Luke Parle, the Battersea Sales Manager at Portico, comments: “Nine Elms and the new build market in Battersea has taken a bit of a hit recently, possibly as a result of an influx of new builds being offered to the market in one go. This is, however, having a positive outcome for pre-owned homes, specifically anything that is older than 50 years. People who can’t afford new build stock are buying up the older stock in anticipation of long-term capital growth in the area once the new build projects have been finished (circa 2020).”
Although Nine Elms has been hit recently, Oval and Stockwell have really benefitted from being close to the redevelopment zone. Transport links in both areas are great; the only thing that has previous held both spots back is the lack of amenities. However, both have seen a flood of fashionable new cafes, shops and bars open up recently.
- Streatham
Homebuyers are flocking to Streatham, which is much more affordable than nearby Clapham and Balham, and has excellent transport links to London Victoria and a range of good schools.
Over the last 12 months, house prices have risen by 10%, with Portico forecasting a further 5% increase over the second half of the year.
Streatham Hill is also fast becoming the buy-to-let capital of south London, with average rental yields of 4.4%.
The Managing Director of Portico, Robert Nichols, says: “Landlords are now looking at Streatham Hill for a strong return – an area gaining the nickname the Clapham Overflow. Although the area is still cheaper than Clapham, the price divide is getting smaller and we are seeing a large number of renters move into the SW2 area because Clapham has become unaffordable for some.”
- Brixton
Brixton became popular as a cheaper alternative to neighbouring Clapham, but now buyers and tenants are moving here because they love it. Not only is it more affordable, but it’s also in zone 2 at the end of the Victoria Line. Brixton is one of the most gentrified spots in London, filled with modern eateries, bars and boutiques. However, locals can still enjoy the cultural treats found within its famous market. The average price of a one-bedroom home here is now around £400,000, with prices set to rise by a further 5% this year – so get in quick!
- Archway
While Archway is still a lot cheaper than its north London neighbours, the Camden Sales Manager at Portico, Stephanie Powell, expects prices to increase by at least 5% this year.

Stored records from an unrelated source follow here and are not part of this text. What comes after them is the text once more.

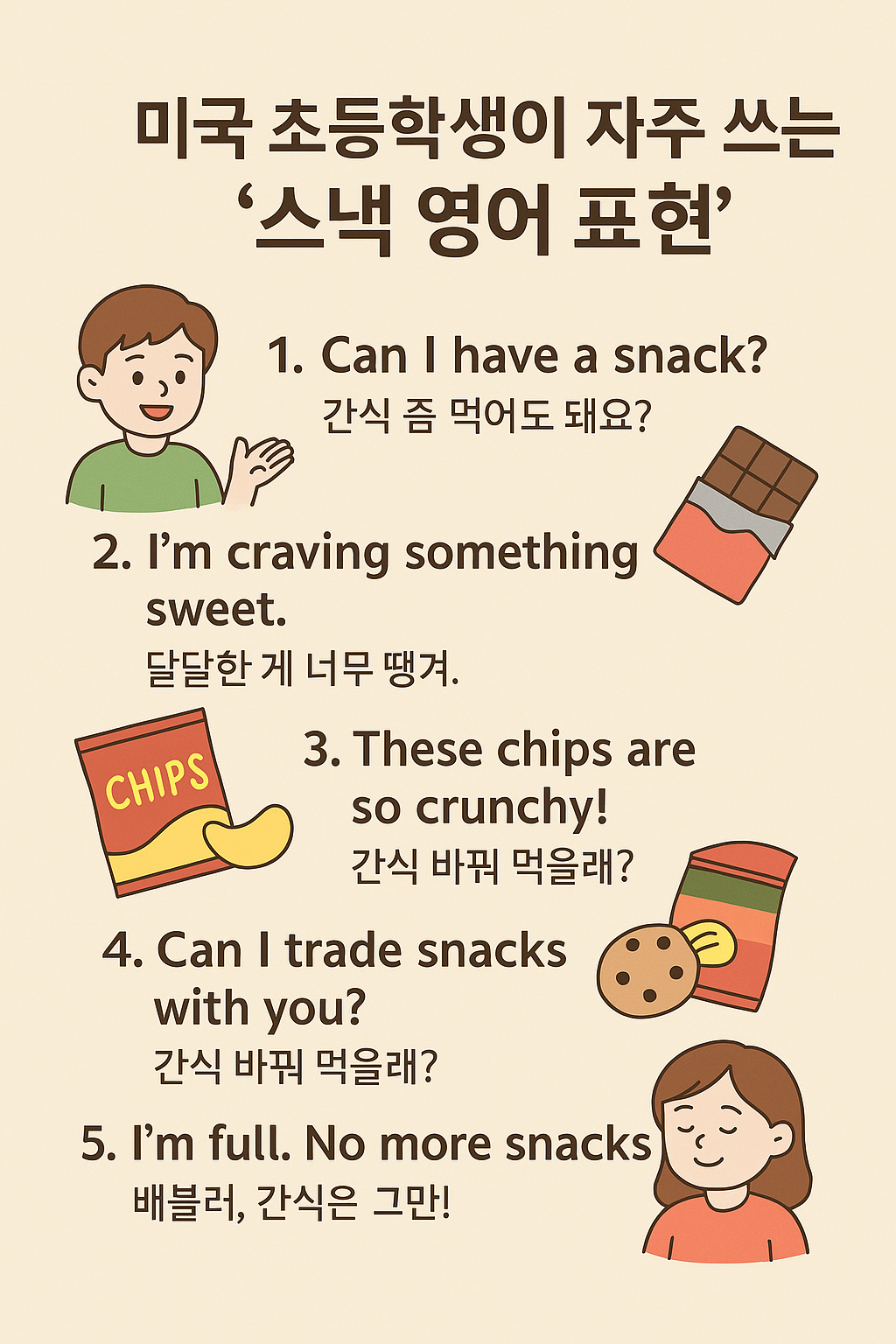 미국 초등학생들이 자주 쓰는 '스낵 영어 표현', 우리 아이도 자연스럽게 말해요!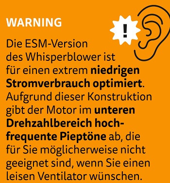 Diese ESM Version (Beepsblower) gibt im untersten Drehzahlbereich ein hochfrequentes Piepen von sich.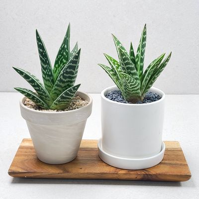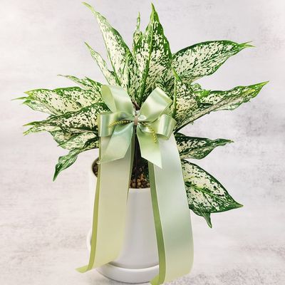 공간에 생기를 불어넣어 주는 칼라무늬 홍콩야자 (흰색 화분/크림 토분) (지름 11cm)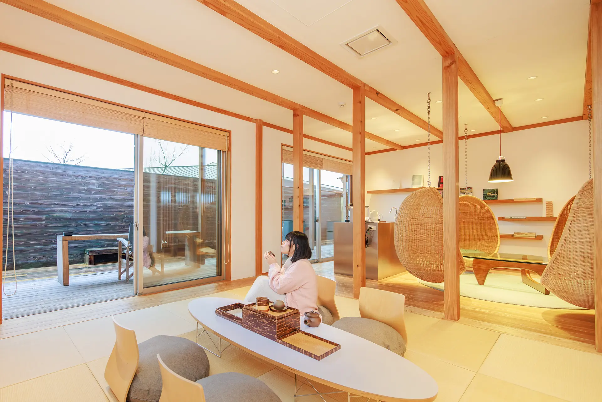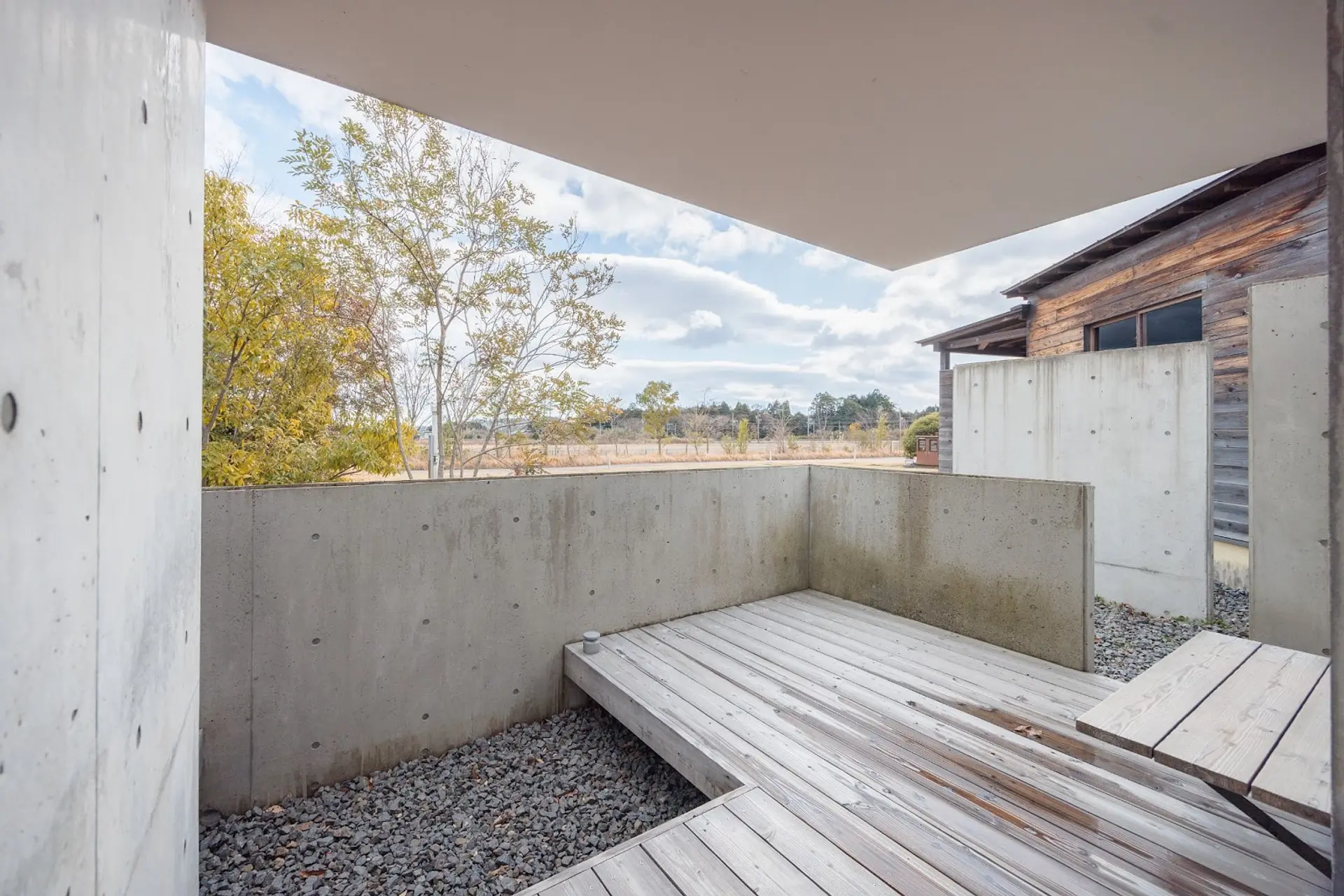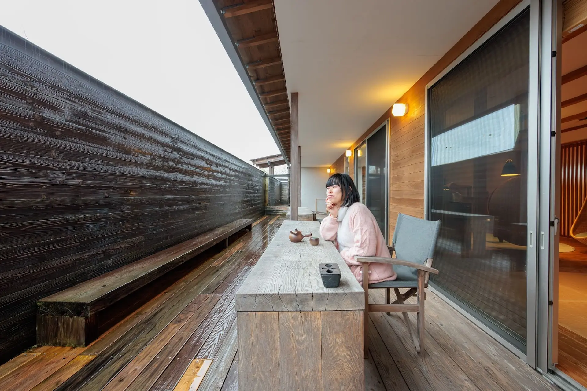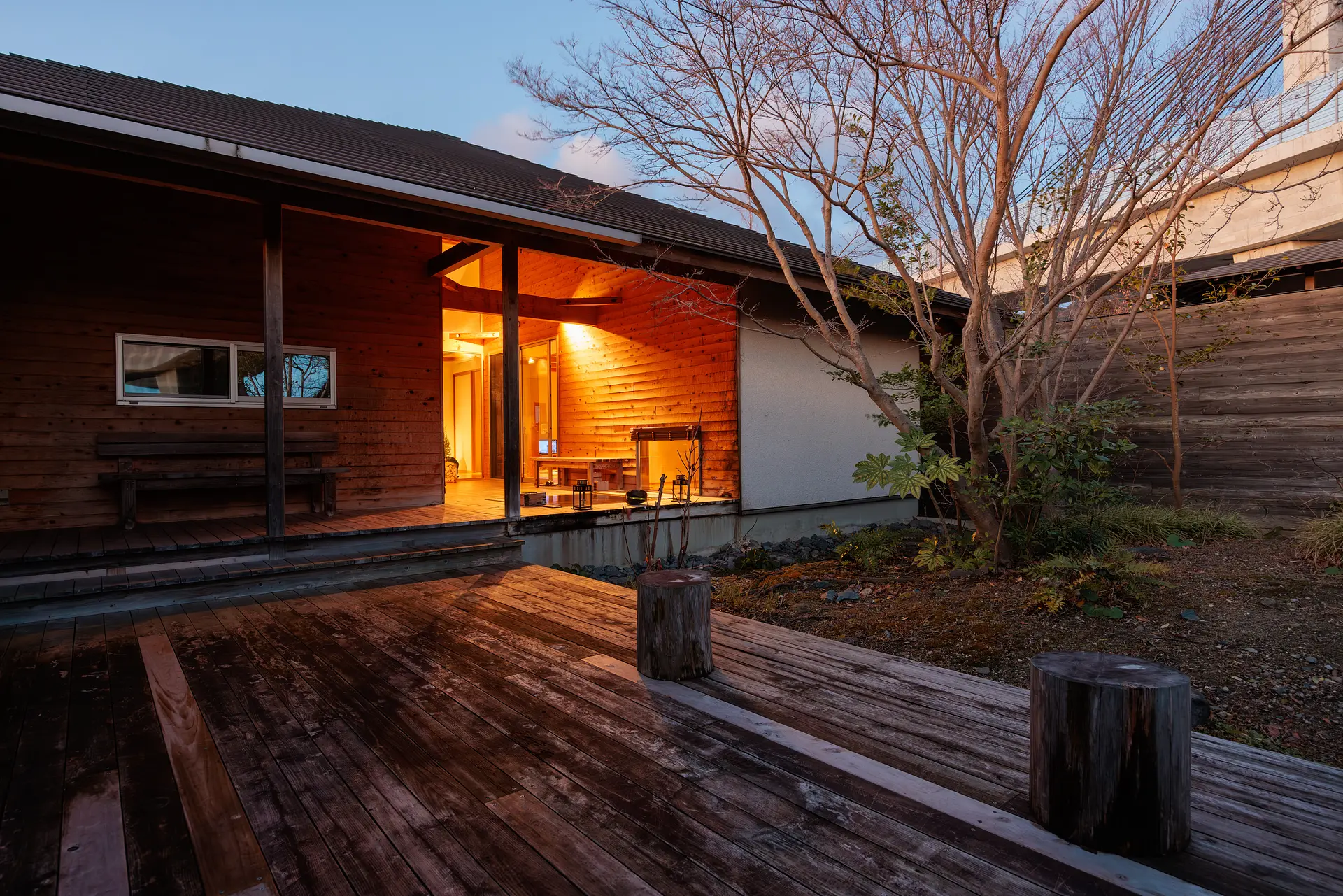 「檜」の棟は、まるで中庭のようなデッキテラスが特徴的。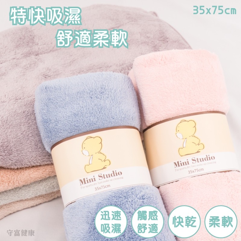 『現貨』Mini Studio細綿柔膚超吸水毛巾35*75cm 超細纖維 吸水浴巾 瞬吸 細膩柔軟 掛耳 掛吊 包頭巾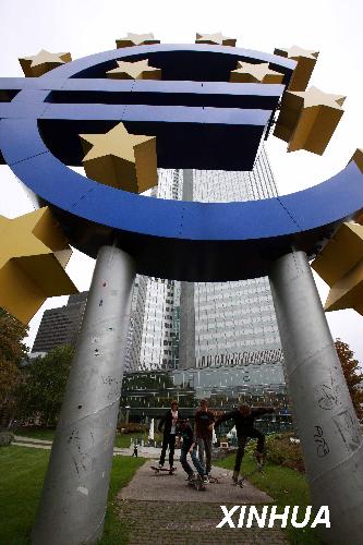 10月15日,一群男孩在德国法兰克福欧洲中央银行大楼前的欧元标志下玩滑板。当天,代表欧洲雇主利益的欧洲商会呼吁欧洲央行考虑采取降息等所有可能手段帮助欧洲经济走出目前的困境。新华社记者罗欢欢摄 欧洲央行、英国央行和瑞士央行6日宣布再次降息,以刺激经济增长。与此同时,各国继续出台新措施应对国际金融危机带来的不利影响。 欧洲央行6日宣布再次下调主导利率50个基点,由3.75%降至3.25%,以期扭转欧洲经济的颓势。10月8日,在西方6大央行采取的联合降息行动中,欧洲央行已将欧元区主导利率从4.25%下调至3.75%。至此,欧洲央行的降息幅度已达1个百分点,这是自1998年欧洲央行成立以来最大幅度的降息举动。>>详细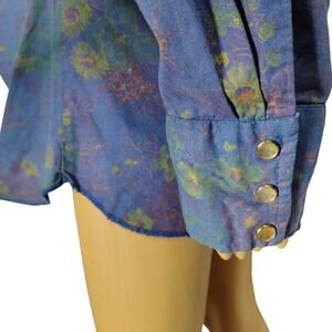 1980s Purple Floral Metallic Gold Western Pearl Snap Button Up Shirt H Bar C Size 15.5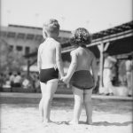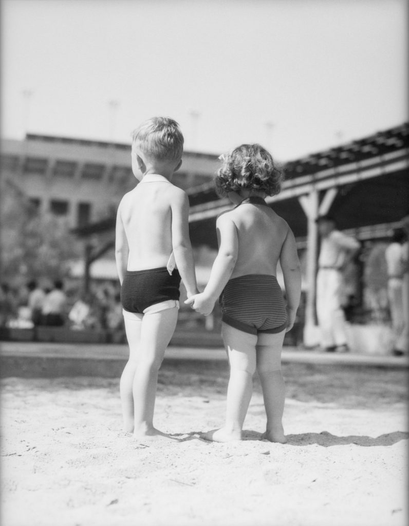 whataboutbobbed May 7, 2013 Donald Carter and Phyllis Fleischer wearing bathing suits and holding hands, Southern California, 1931

Last month, Transport for London (TfL) began work transforming Archway by removing the much hated one-way system in the area, and replacing it with two-way traffic lanes, improved pedestrian crossings and a new central piazza. Work is due for completion by 2017.
- Tottenham Hale
Despite having a bit of a rough reputation, Tottenham Hale is becoming a first time buyer hotspot. But there will always be those who cannot afford to buy and must rent instead.
It is still a fairly cheap area to buy and rent – a one-bed property would cost around £300,000 or £1,400 per month. Plus, you can get to the City of London in less than 15 minutes on the Tube and regeneration is starting to smarten up the area.
Tottenham Hale is also undergoing a transport revival, with £110m being spent on a new Tube, rail and bus station, road network improvements and public realm works, which will be completed by 2017. It may also receive a Crossrail 2 station, which would push prices up by a further 10%. Now is definitely a good time to buy!
If you do decide to become a London landlord, make sure you remember to stick to the law and avoid being put on Sadiq Khan’s new rogue landlord database!